Aim of the exercise
Every line below from the one containing "In the 1870s, the" through the one containing "The Oakley Summerhouses" is to be printed exactly, with the pictures omitted.

[Excerpted records]

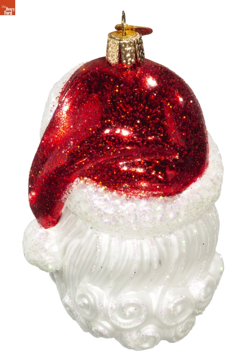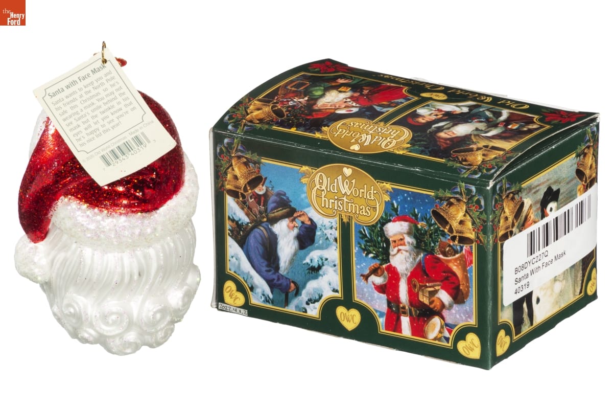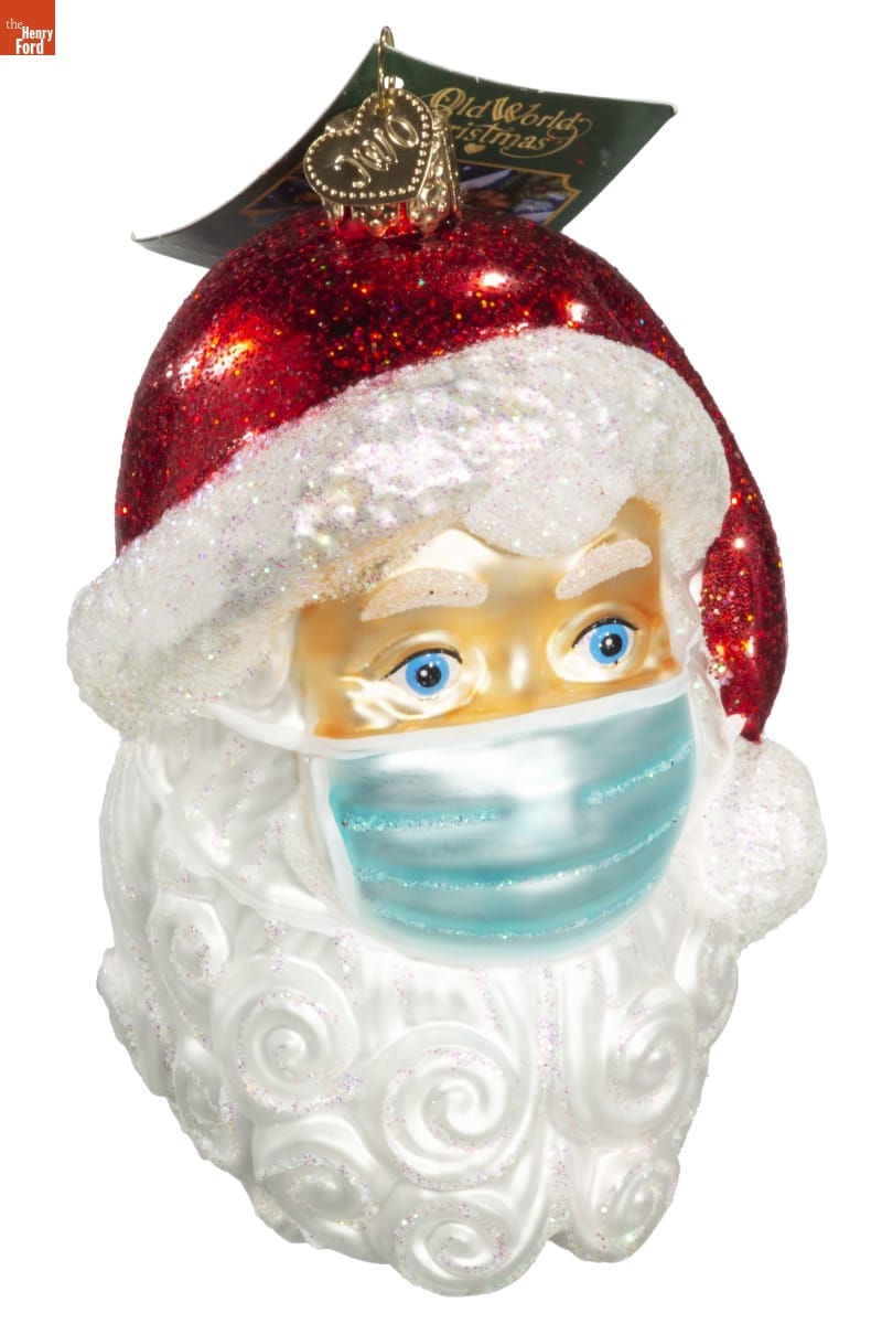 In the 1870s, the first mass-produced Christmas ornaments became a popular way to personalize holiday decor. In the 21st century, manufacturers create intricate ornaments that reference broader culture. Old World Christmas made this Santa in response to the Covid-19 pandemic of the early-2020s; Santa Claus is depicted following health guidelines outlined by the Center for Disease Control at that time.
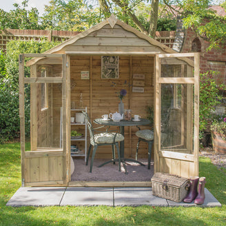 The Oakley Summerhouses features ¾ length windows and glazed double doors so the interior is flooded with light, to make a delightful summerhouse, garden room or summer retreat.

[/Excerpted records]
[Excerpted records]

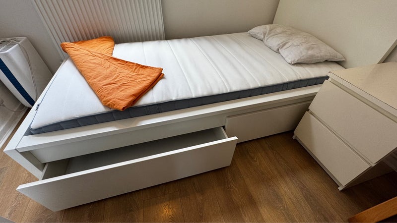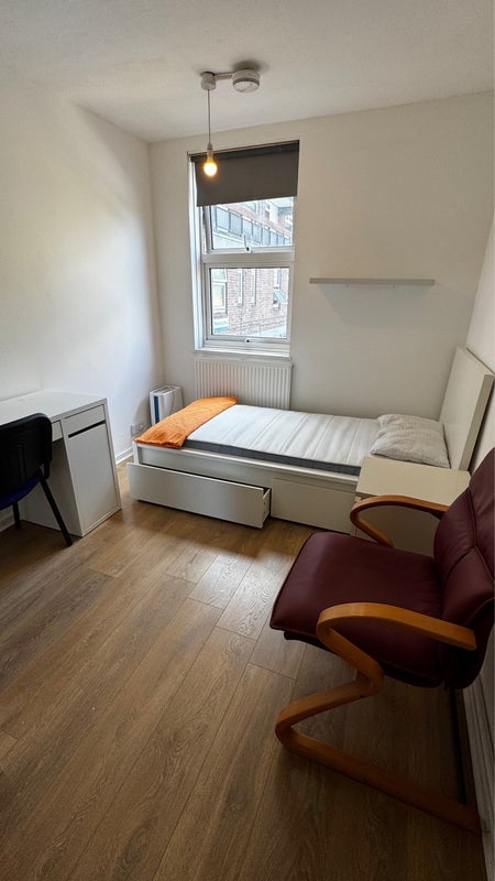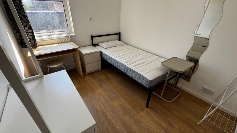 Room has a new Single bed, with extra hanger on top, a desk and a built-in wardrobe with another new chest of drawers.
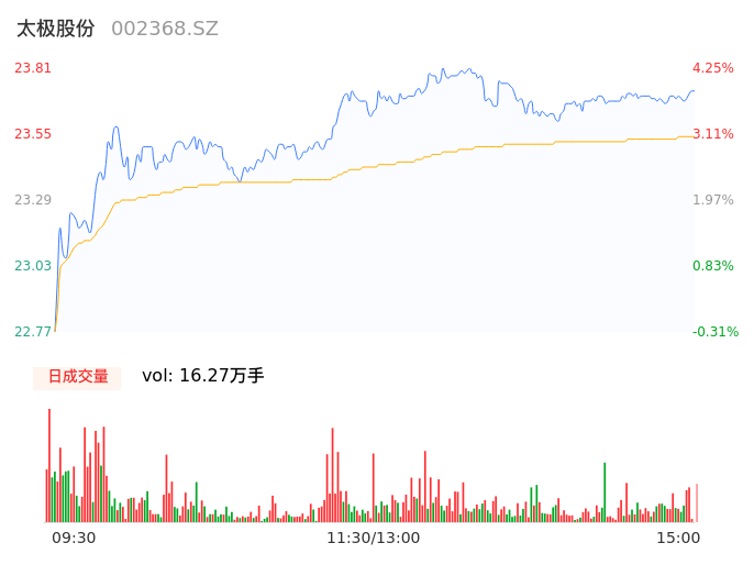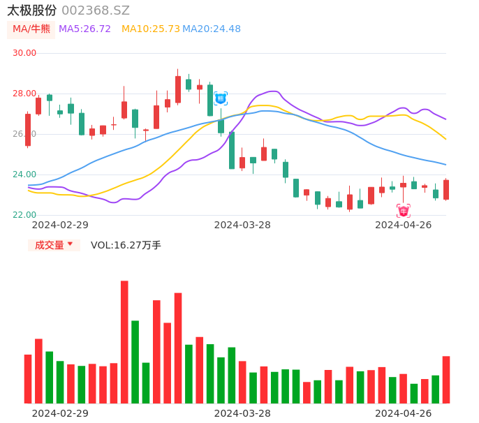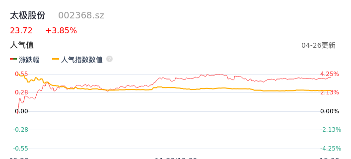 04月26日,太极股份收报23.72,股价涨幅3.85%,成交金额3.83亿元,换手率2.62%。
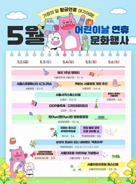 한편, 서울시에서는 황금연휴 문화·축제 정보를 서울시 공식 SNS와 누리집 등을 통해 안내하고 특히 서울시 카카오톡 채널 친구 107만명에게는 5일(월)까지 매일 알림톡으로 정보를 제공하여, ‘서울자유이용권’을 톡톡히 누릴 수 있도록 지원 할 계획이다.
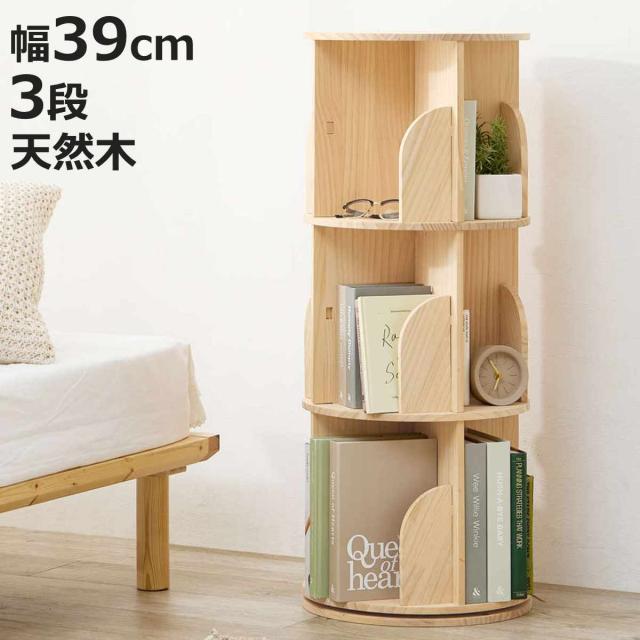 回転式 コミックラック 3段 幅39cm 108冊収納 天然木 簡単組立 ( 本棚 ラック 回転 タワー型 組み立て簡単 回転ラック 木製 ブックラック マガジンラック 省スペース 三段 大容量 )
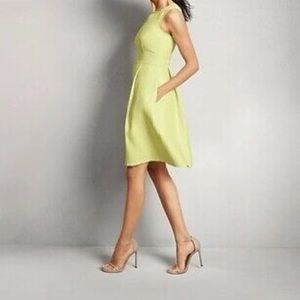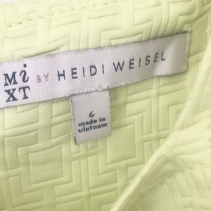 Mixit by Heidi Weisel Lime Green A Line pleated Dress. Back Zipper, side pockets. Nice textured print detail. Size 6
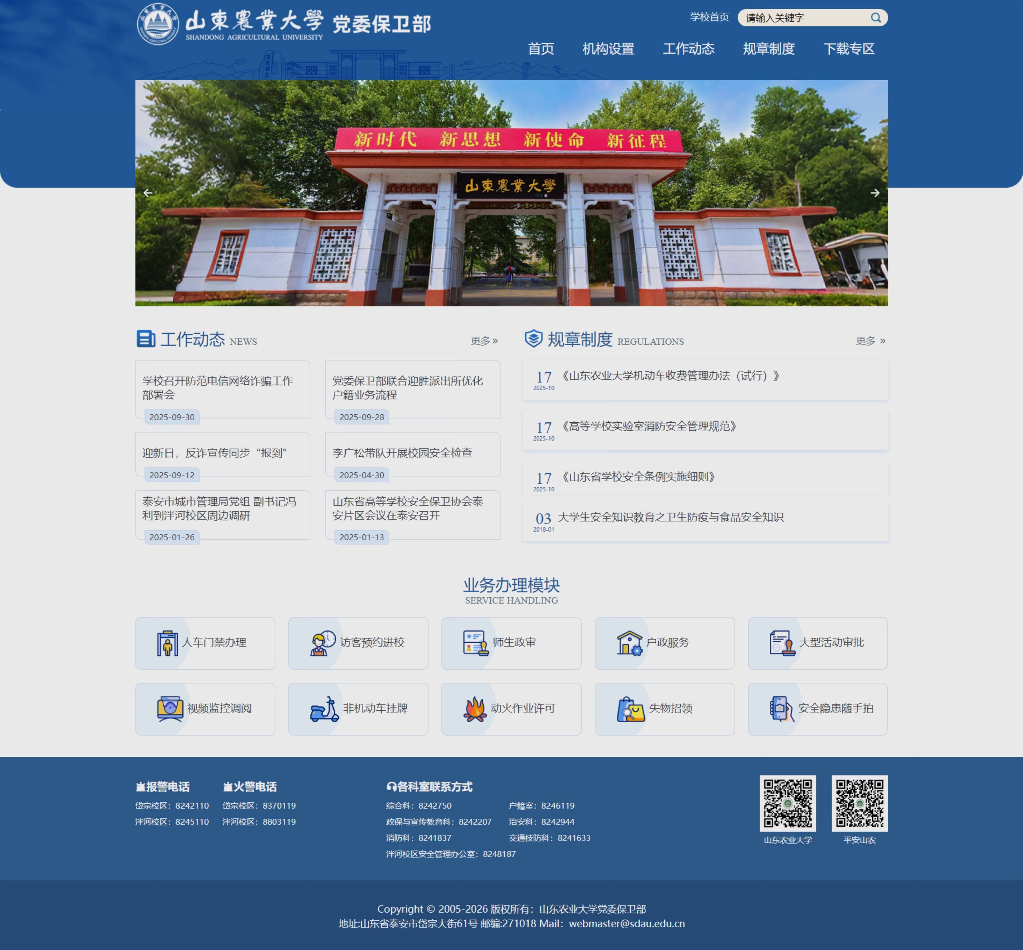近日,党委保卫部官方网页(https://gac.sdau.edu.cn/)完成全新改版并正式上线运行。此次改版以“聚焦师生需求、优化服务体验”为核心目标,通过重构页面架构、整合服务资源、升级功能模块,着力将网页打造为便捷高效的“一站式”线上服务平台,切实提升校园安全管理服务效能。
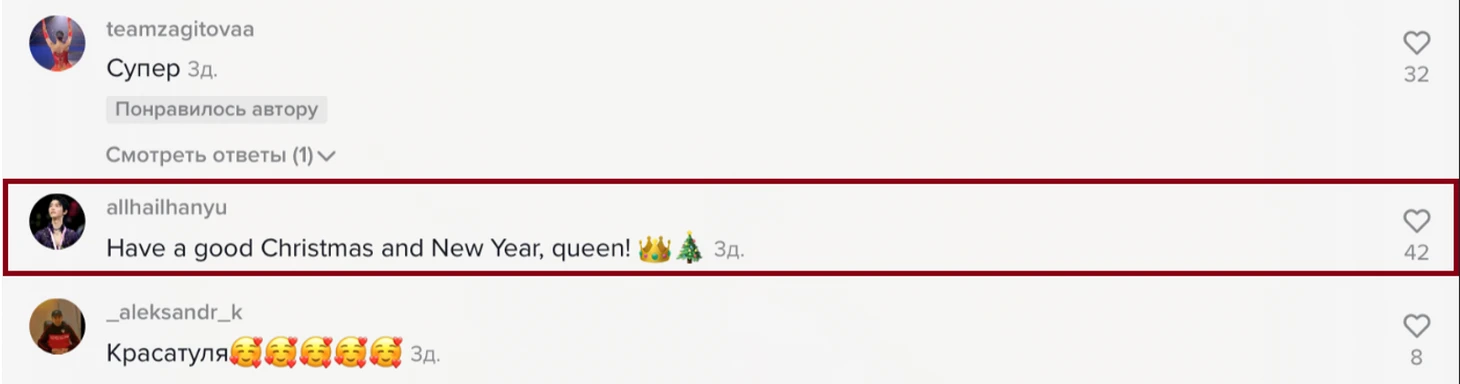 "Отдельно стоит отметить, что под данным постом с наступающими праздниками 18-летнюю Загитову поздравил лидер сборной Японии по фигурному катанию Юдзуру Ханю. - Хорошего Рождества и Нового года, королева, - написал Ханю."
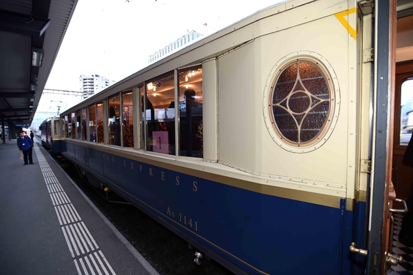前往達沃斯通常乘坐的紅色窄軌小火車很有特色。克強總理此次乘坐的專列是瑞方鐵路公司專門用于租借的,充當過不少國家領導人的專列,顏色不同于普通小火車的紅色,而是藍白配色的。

[/Excerpted records]

Exercise result
 In the 1870s, the first mass-produced Christmas ornaments became a popular way to personalize holiday decor. In the 21st century, manufacturers create intricate ornaments that reference broader culture. Old World Christmas made this Santa in response to the Covid-19 pandemic of the early-2020s; Santa Claus is depicted following health guidelines outlined by the Center for Disease Control at that time.
 The Oakley Summerhouses features ¾ length windows and glazed double doors so the interior is flooded with light, to make a delightful summerhouse, garden room or summer retreat.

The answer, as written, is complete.